Relaxing, Nola sank back into the cushions. She sipped at the beer, idly watching and listening as she flicked through the channels.

Click.

Onwards.

Click, click, click.

Football, comedy, cookery, explosions, sex, the current war, old wars, cradle snatching, speeding cars, dancing, do-it-yourself, even more wars of years past, a close-up of a fist hitting a man’s cheek, crunch of bone, spray of blood, a teddy bear, plague fever, adverts, madness.

Finally...

She found a music show where her main rival was sitting on a pink bench next to a young kid scarcely out of school. He was interviewing her. They talked wittily to each other in sweet words of praise and mutual delight. Two mouths dripping with wonderful inanities, as scripted.

Boy and girl. They were both wearing sailor suits.

Come here honey, honey, bang my drum.

If you ain’t got the fever, you ain’t gonna come.

Now the rival’s latest release was playing.

Click, click,

Click.

Nola’s finger jabbed repeatedly at the buttons, causing the images on screen to flood and melt together as the programmes flowed by, merging into each other. Sub windows opened up and vanished as she moved through the web channels, the ethercasts, ephemeral programmes of vapour and dust, fragments and whispers. She passed through Shimmertown where the shimmers gathered, the countless endless messages that lasted for only 44 seconds before they faded from the screen. Nola tried to read a couple, failed to catch them in time, moved on:

from station to station, haze to spark

signal to signal.

Then she stopped.

What was that sound, that noise?

Music.

Her own music.

Click, click.

Nola flicked back through the last few selections until she found it, a web-cable fuzzcast, fragile, lodged in the low-rent frequencies.

Click.

The new video, the new song being promoted.

She got up from the couch, moving closer to the screen.

There she was.

Nola Blue.

The images jumped and pulsed.

Zoom!

Zoom shot hit the singer’s face like a bomb shock.

But she just laughed. Nola laughed in the eyes of the camera and then turned, spinning on her heels, dropping down to a dead

STOP!

Bang. On the dot. Halfway to her knees and then up again and away, singing now.
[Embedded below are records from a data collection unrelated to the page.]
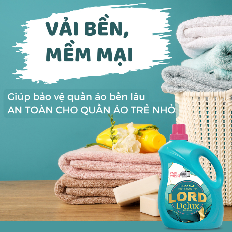 Nước Giặt Lord Delux hương nước hoa 3kg sử dụng công thức màng chắn vô hình lên bề mặt sợi vải, giúp vết bẩn không thể thấm sâu vào sợi vải từ đó có thể dễ dàng làm sạch khi giặt. Ngoài ra sản phẩm này còn giữ màu quần áo cực tốt, giúp quần áo luôn mềm mịn sáng như mới, hương thơm tươi mát có thể lưu lại rất lâu trên quần áo sau mỗi lần giặt.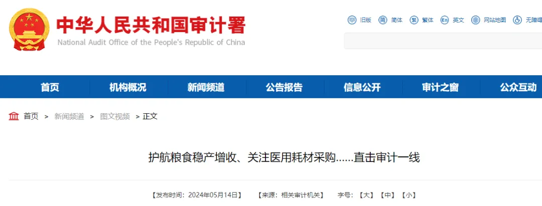 5月14日,国家审计署官网发布了题为《护航粮食稳产增收、关注医用耗材采购……直击审计一线》的文章,医院耗材设备的采购正成为审计一线严查的重点。
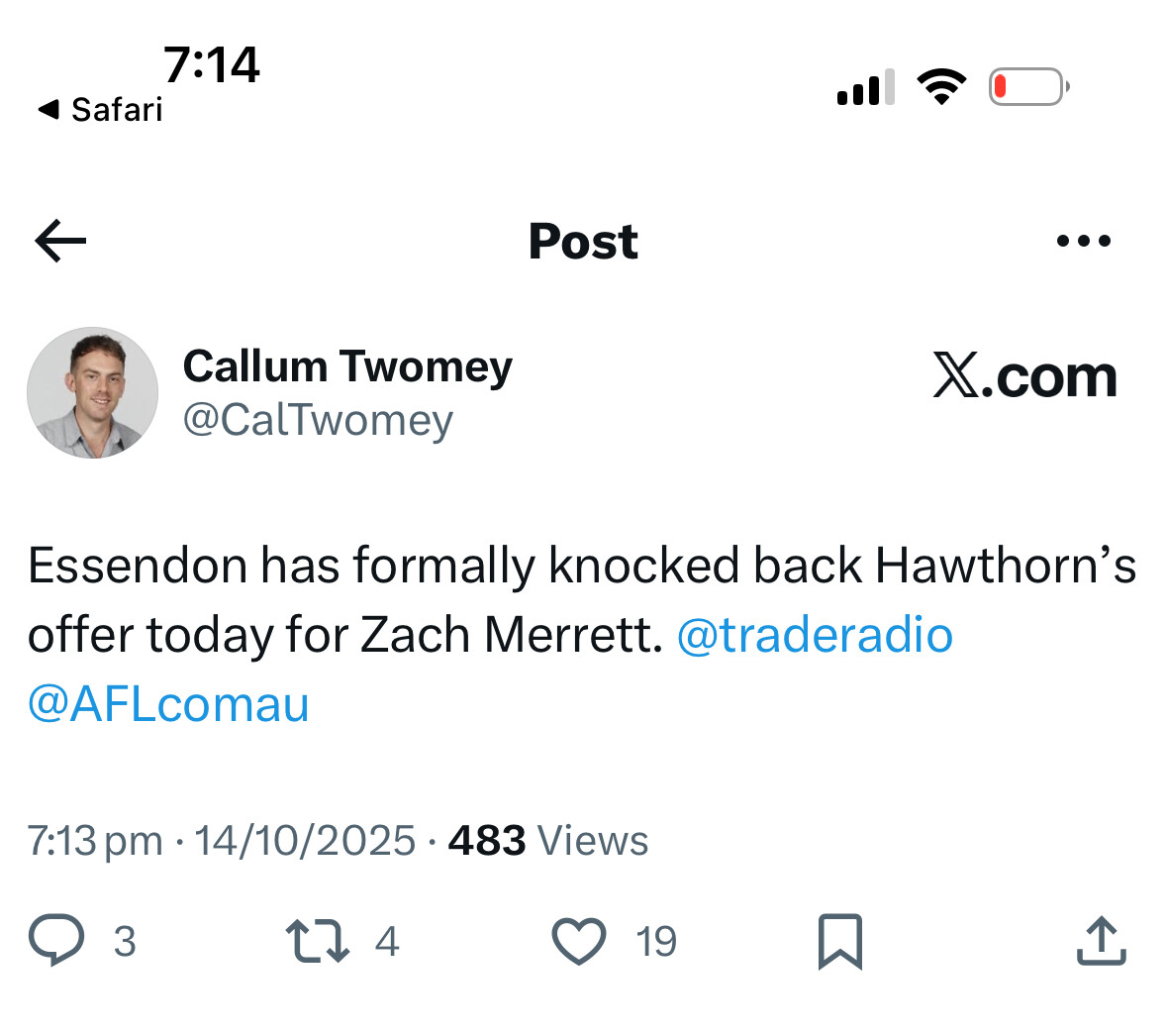 I’m confident Hawthorn will trade pick 9 to the Pies or Adelaide or someone else for a future 1st tomorrow to help with other trades. I think this ship has sailed. I hope I’m wrong but I really do think Merrett will stay.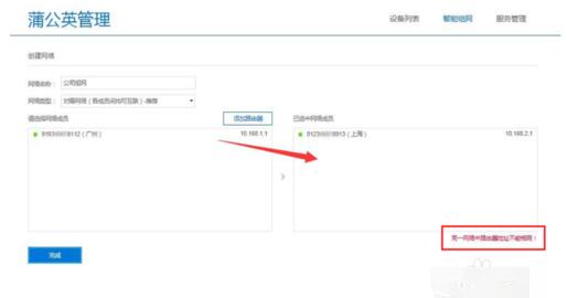 1、通过蒲公英智能组网功能,搭建虚拟局域网环境,实现异地间互联互通。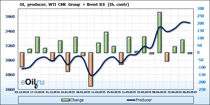 Открытый интерес производителей упал на 8 тыс. контрактов. Объем контрактов, направленных на хеджирование, составляет 3 576 663 штуки. Деньги производителей в течение прошлой недели уходили с рынка не видя привлекательности в текущей ситуации.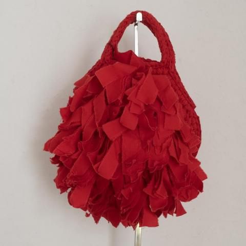 片側にたっぷりとフリンジをつけた、ラウンド型の裂き編みバッグ。荷物をたくさん入れて膨らませると、より立体感がでて華やかな印象に。パーティーバッグとしても使え、ファッションのアクセントにぴったりなバッグです。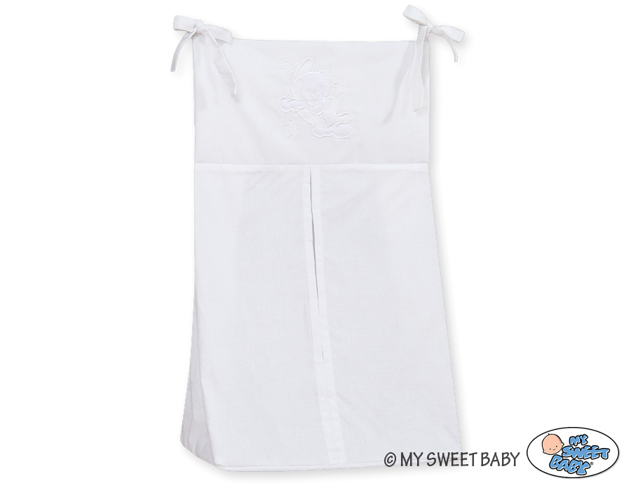 - The fabric is 100% cotton, - with embroidery, - washable at 40°, Two sets of ties at the top corners allow for easy attachment to most dressers and changing tables.

(I just wanna, I wanna get to know you.)

Dancing now, moving in time to the music, playing to the tracking shot as it kept pace with her, along the studio floor and then out, outside.

(You know I wanna

I just wanna

I really wanna...)

Out.

Bright glare of sunlight jarring the lens.

Jump cut.

Along the urban riverbank where the young man was waiting with his gang of toughs.

(I wanna get to know the real you.)

The young man was waiting just for her and then he too was dancing his own steps, moving away from the gang, moving with Nola but always keeping one or two or three or four twists and turns ahead of her.
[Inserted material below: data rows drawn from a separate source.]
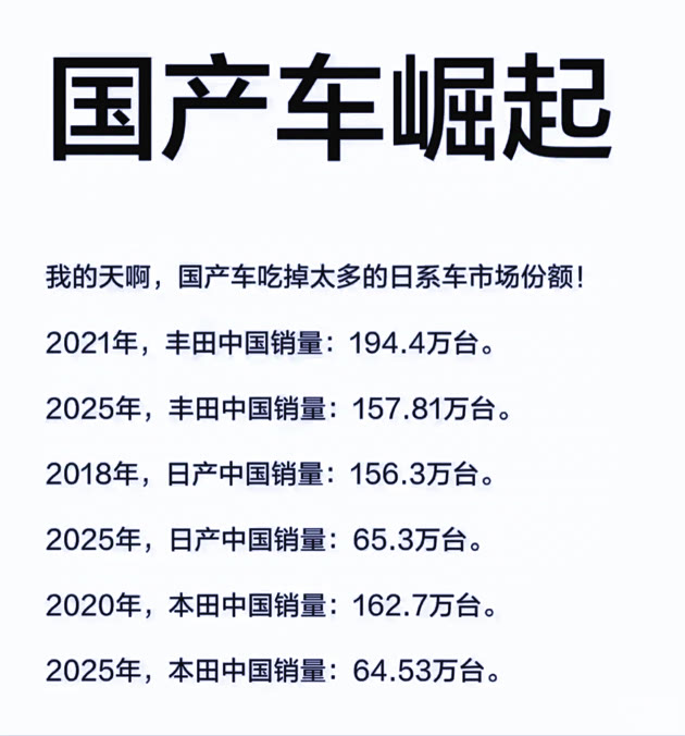 2,丰田在我国市场年销量从巅峰的194.4万台下滑到2025年的157.81万台。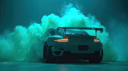 A sports car is the main subject, emerging from a cloud of green smoke. The image features dramatic lighting that creates a moody atmosphere. It appears to be indoors with a focus on speed and performance. Suitable for automotive design, marketing materials, and editorial content.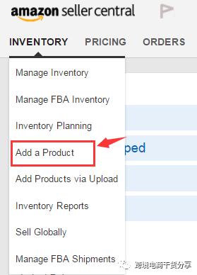 1.进入卖家后台,点击屏幕左上角Inventory下面的Add a product

(I wanna touch you. I just wanna...)

And no matter how she tried to stay in pursuit, no matter how loudly or how passionately she sang, he was always ahead, this young man, always on the edge of being lost...

Nola watched herself on the screen.

She could hardly recognise the face as her own, so often had she been transformed by the star-making process. Made-over, made-up, powdered. Jigged and rejigged. Extended, and then digitalised to within an inch of her flesh or so it felt, post-production, until there was hardly anything of herself left up there.

Hardly anything at all.

Even her voice, her lovely voice made by nature, by the good genes of the poor mother and bad father, even her born-to-sing singing voice was all chopped-up and rearranged, auto-tuned, remixed beyond any measure of her own tongue.
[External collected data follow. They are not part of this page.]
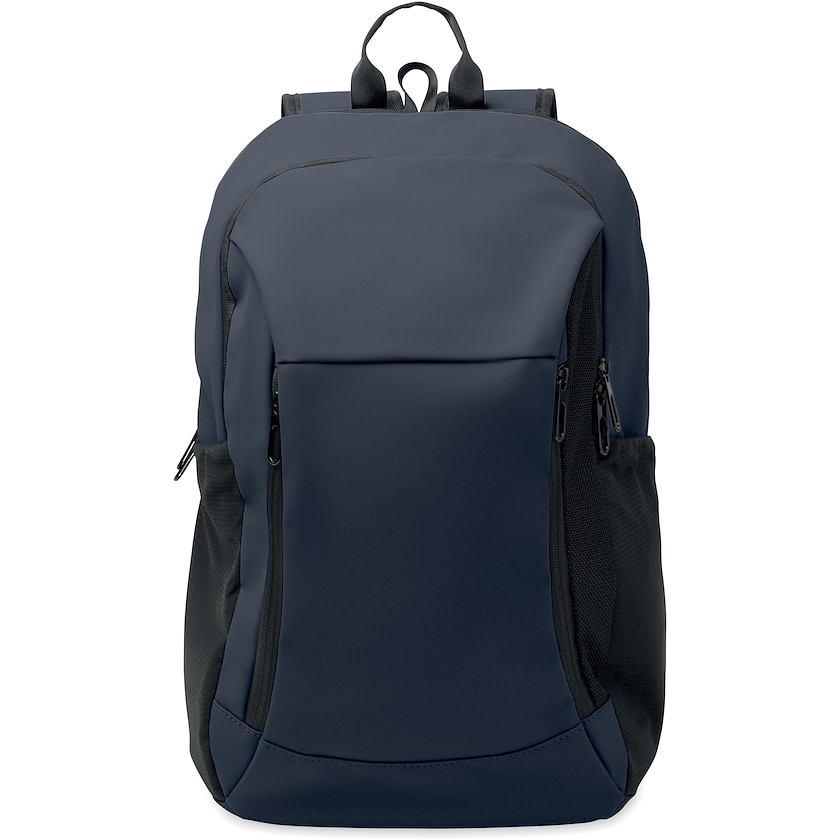 Rucksack aus weichem Material. Im Inneren befindet sich ein Fach für einen 15-Zoll-Laptop. Der Reißverschluss des Hauptfachs ist verdeckt, was das Diebstahlrisiko verringert. An den Seiten befinden sich Netztaschen. Die Rückseite und die Schultergurte sind gepolstert. Beim Bedrucken ist nur eine Farbe möglich.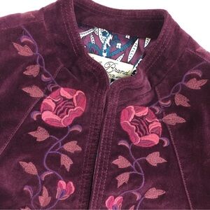 Lucky Brand Velvet Blazer Jacket Embroidered Boho Plum Purple Pink Floral XS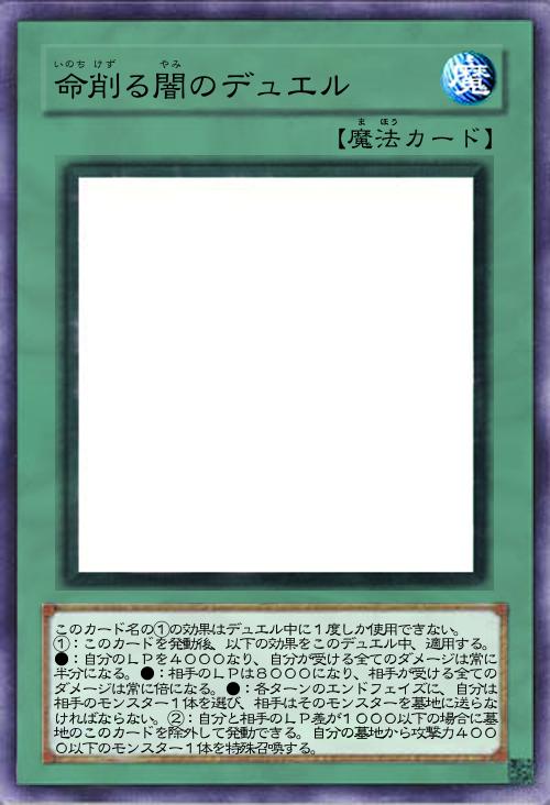 | このカード名の①の効果はデュエル中に1度しか使用できない。 ①:このカードを発動後、以下の効果をこのデュエル中、適用する。●:自分のLPを4000なり、自分が受ける全てのダメージは常に半分になる。●:相手のLPは8000になり、相手が受ける全てのダメージは常に倍になる。●:各ターンのエンドフェイズに、自分は相手のモンスター1体を選び、相手はそのモンスターを墓地に送らなければならない。②:自分と相手のLP差が1000以下の場合に墓地のこのカードを除外して発動できる。自分の墓地から攻撃力4000以下のモンスター1体を特殊召喚する。 | |||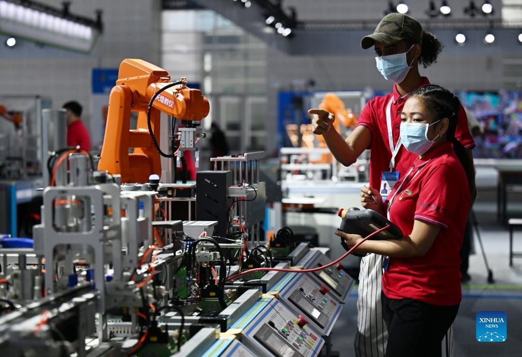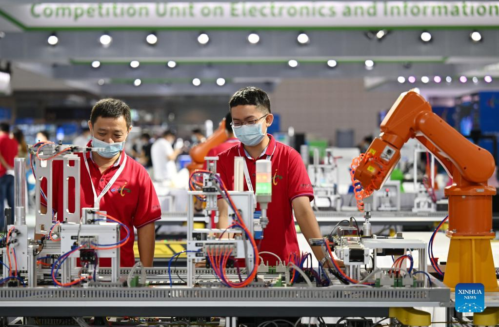 Competitors operate mechanism equipment during the World Vocational College Skills Competition in Tianjin, north China, Aug. 19, 2022. The competition, as a part of the World Vocational and Technical Education Development Conference, attracted participants from over 100 countries and regions. (Xinhua/Li Ran)

It was like another person existed.

That was it.

Another version of her own face and body. Some weird little abstract entity who lived on the other side of the screen. A young person who looked like Nola looked, talked and walked as she did, sang and danced like she did, spelt her name the same way, using the same letters in the same order; this second woman, this double, with the same silhouette, wearing the same clothes, clouded and veiled by the same fully moussed-up and layered cascade of hair.

The same goddamn teeth even.

Gleaming like a showgirl. Plastic white scrape and bleach job, all paid for by George himself, against future royalties, of course.

Name, face, teeth, skin, clothes, lips, eyes.